When this passage takes place God feels far away from his people. Israel had turned away from God, like we all do sometimes. They allowed injustice and inequality to thrive in their society and forgot that God cares deeply about the poor, so Israel ended up in exile, dominated by their more powerful neighbors, the Babylonians.
Israel’s punishment was harsh, but fitting. They turned away from God, so God let them see what it was like to be apart from him. But now God can’t take the separation anymore. God longs to bring his people home; he longs to make peace with the people he loves. God calls the prophet into action to bring Israel a message of forgiveness. “Comfort, o comfort my people,” says your God. God tells the prophet to share not only God’s message but his passion too: “Cry to her that she has served her term and paid her penalty.”
I can picture the prophet running through the streets, yelling out the good news that God has forgiven them, that God wants them to come home, that the sins of the past are wiped out forever.
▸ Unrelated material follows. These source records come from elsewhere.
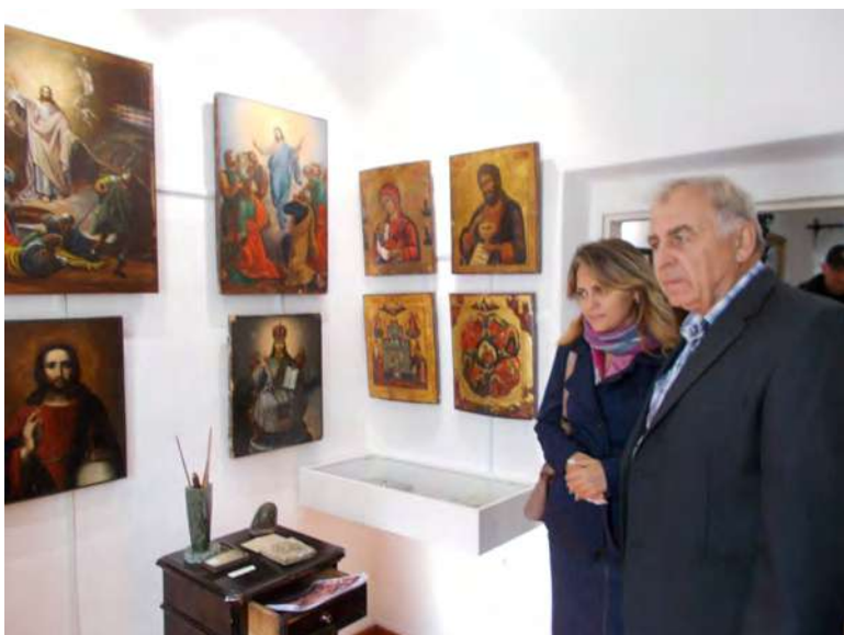
Знайомство з експонатами музею І.Ю.Рєпіна.
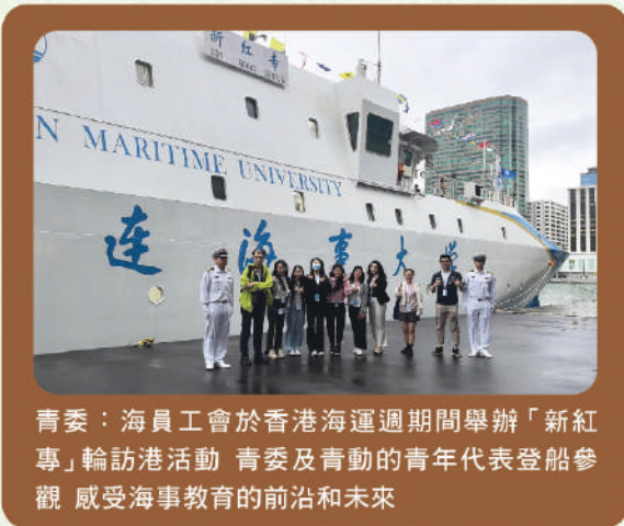
青委：海員工會於香港海運週期間舉辦「新紅專」輪訪港活動 青委及青動的青年代表登船參觀 感受海事教育的前沿和未來

電梯工會：關注扶手電梯致命工業意外 約見勞工處提出建議 期望處方加強監管及安全培訓
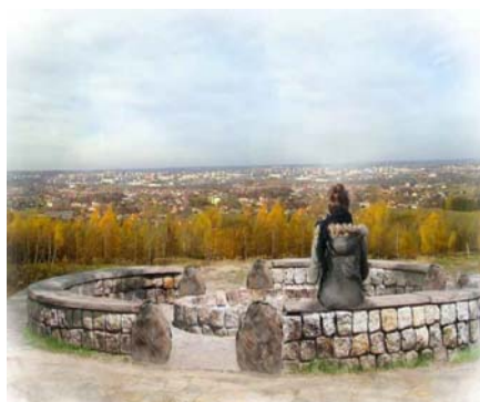
Ryc. 2. Widok ze szczytu tarasu widokowego na panoramę Rzeszowa; na pierwszym planie zaprojektowane ławki, kosze na śmieci i miejsce na ognisko

Fig. 1. Concept design for the viewing terrace on the clearing in Matysowski Forest
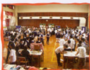
同學積極參與活動情況

現今的教育改革強調學生的學習經歷，本組因應這個方向，於今年5月18日與香港基督教服務處「有網能量」青年導航及發展中心聯合舉辦「中三模擬人生旅程」的大型攤位活動。模擬人生的旅程的活動包括各個人生不同階段的「攤位」：中學、專上學院、大學、工作等，讓學生經歷由中三開始的人生旅程，令他們體驗升學派位和工作選擇的過程，並讓他們感受一下面臨人生抉擇時的心情。
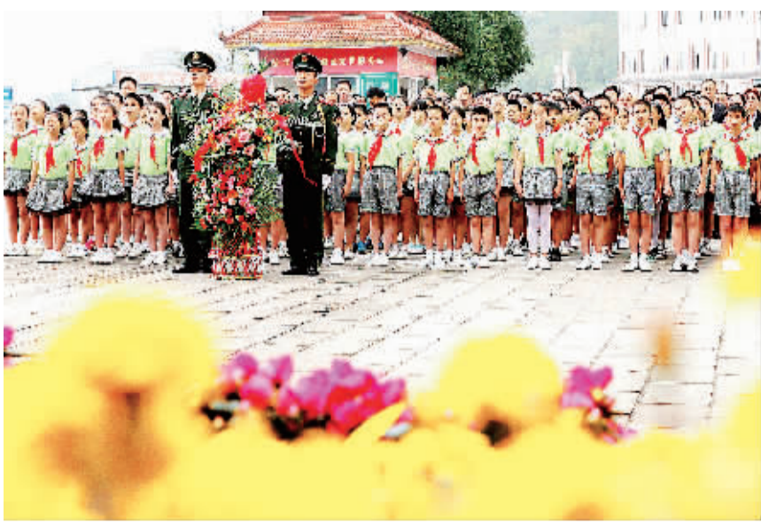
9月30日，是国家首个烈士纪念日。四川华蓥市广大干部群众及社会各界在华蓥山游击队纪念馆前举行公祭烈士活动，缅怀和祭奠英烈。

念142名为国捐躯的革命先烈们。手执鲜花的官兵们在纪念碑和烈士陵墓前脱帽、肃立、默哀，向英勇牺牲在抗日前线和对越自卫反击战中的革命烈士们鞠躬致敬，官兵们庄严地举起右手，用铮铮誓言告慰烈士，坚决继承为党、为国、为人民，不惜牺牲生命保家卫国的崇高遗志。
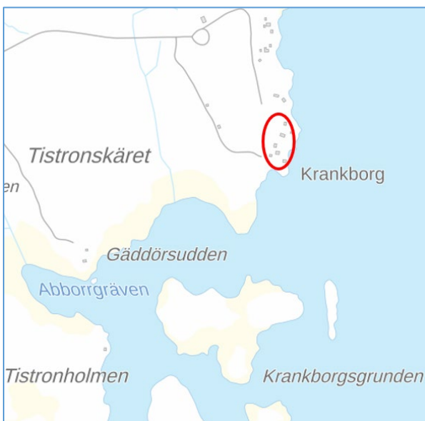
Kuva 1. Suunnittelualueen likimääräinen sijainti. Taustakartta MML

Alueen Likimääräinen sijainti on esitetty kuvassa 1 ja suunnittelualueen rajaus kuvassa 2.
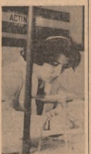
Olimpiadele școlare — un test semnificativ pentru starea de performanță a învățămîntului nostru
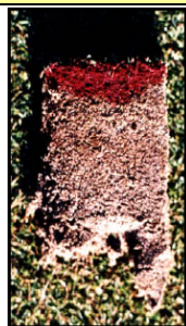
Agente humectante convencional
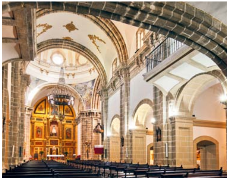
Iglesia, Monasterio de Nuestra Señora de la Merced, Huelva

Mención especial merece el Museo de Arte Contemporáneo 'Florencio de la Fuente' que en la hermosa estancia de la antigua sala capitular contiene obras de Picasso, Dalí, Guayasamín, Rueda y Matheu. En las inmediaciones de la Merced está el Museo de la Fragua, dedicado al arte de los herreros.
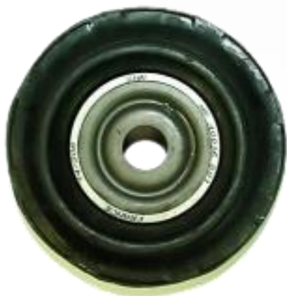
Cara del lado del marcado visible
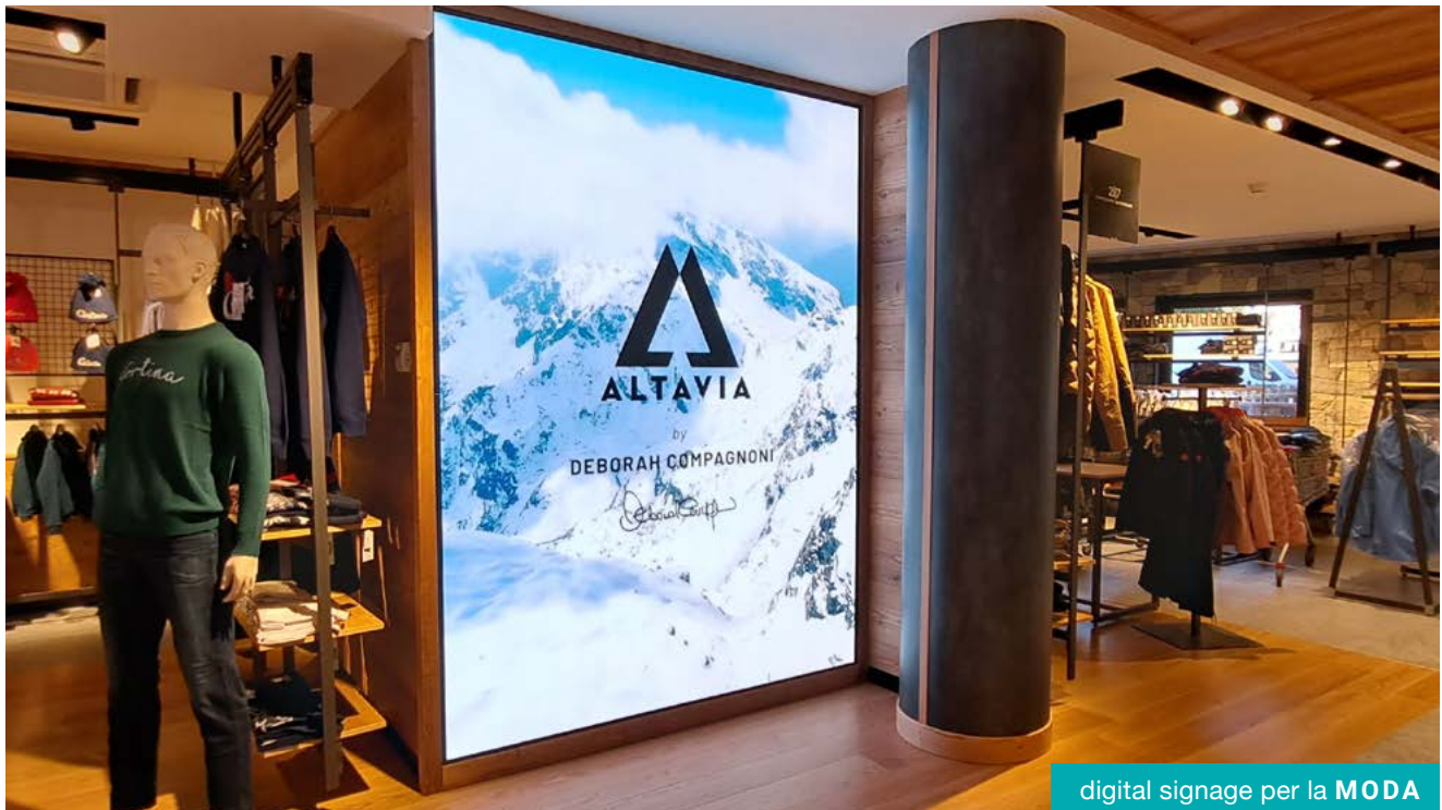
digital signage per la MODA

Attira facilmente l'attenzione delle persone che contano di più.
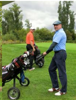
● Am Grün 4
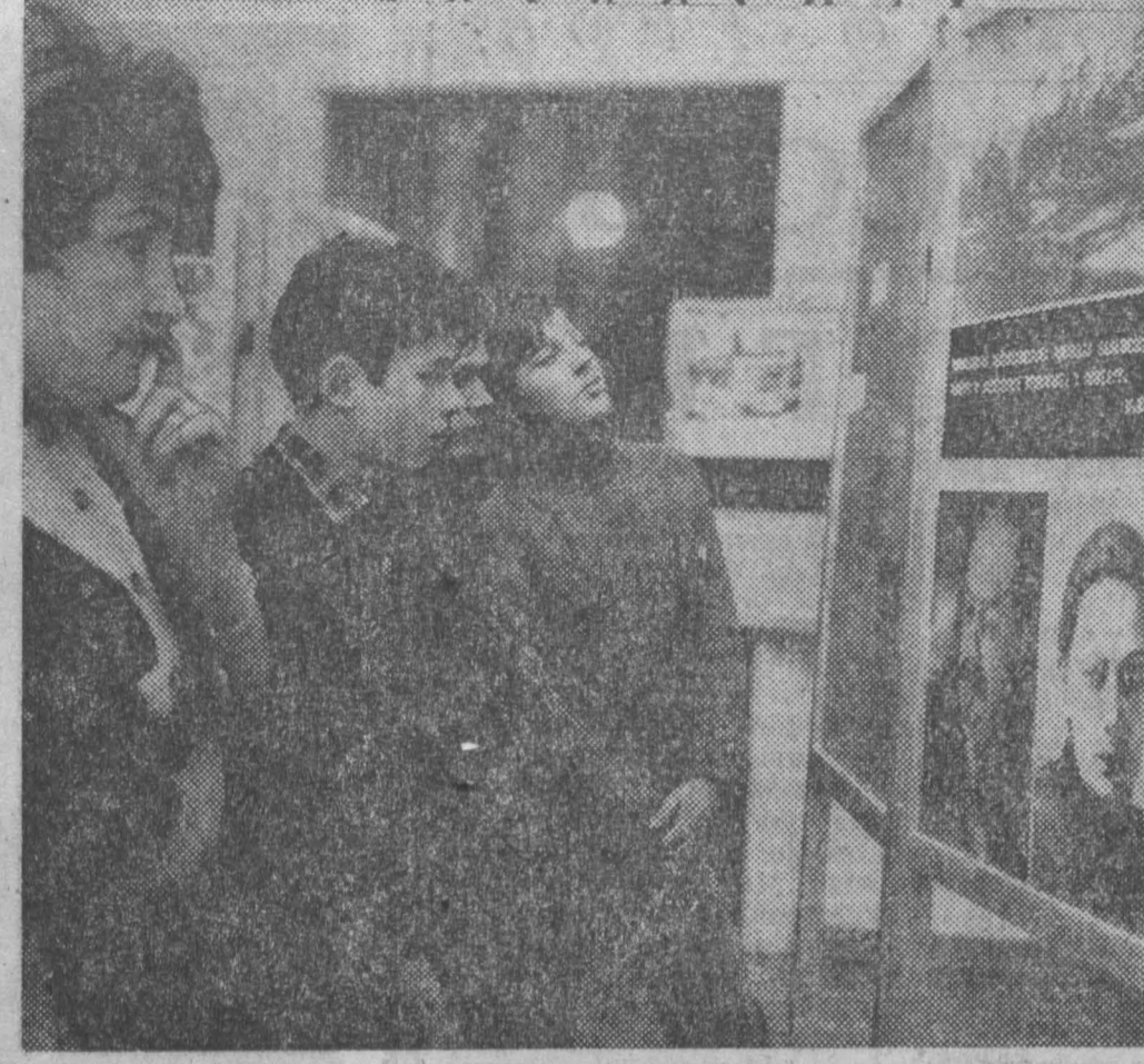
В Варшаве открылась постоянная экспозиция, посвященная жизни и деятельности вождя Великой Октябрьской социалистической революции В. И. Ленина. НА СНИМКЕ: в зале экспозиции.

В течение четверти века в индийско-советских отношениях не было каких-либо провалов. Они неуклонно развивались в духе дружбы и взаимопонимания. В этом отношении Индия многим обязана мудрости и прозорливости Джавахарлала Неру, который заложил основы для длительного и плодотворного сотрудничества с Советским Союзом. Его преемники также прекрасно понимали все достоинства и отличительные стороны индийско-советских связей. Советское руководство продемонстрировало не только чуткость и отзывчивость, но и глубокое понимание надежд и чаяний индийского народа.

The prophet imagines the power of God’s forgiveness lifting up the valleys and flattening the hills. He imagines God’s mercy carving a highway through the desert.
God’s incredible love can’t be stopped. The mountains and hills of our past aren’t high enough to keep out God’s forgiveness. The depths of our deepest despair aren’t low enough to keep God from reaching us. The wilderness emptiness we sometimes feel because of how we’ve been hurt and how we have hurt others isn’t lonely enough to keep God away.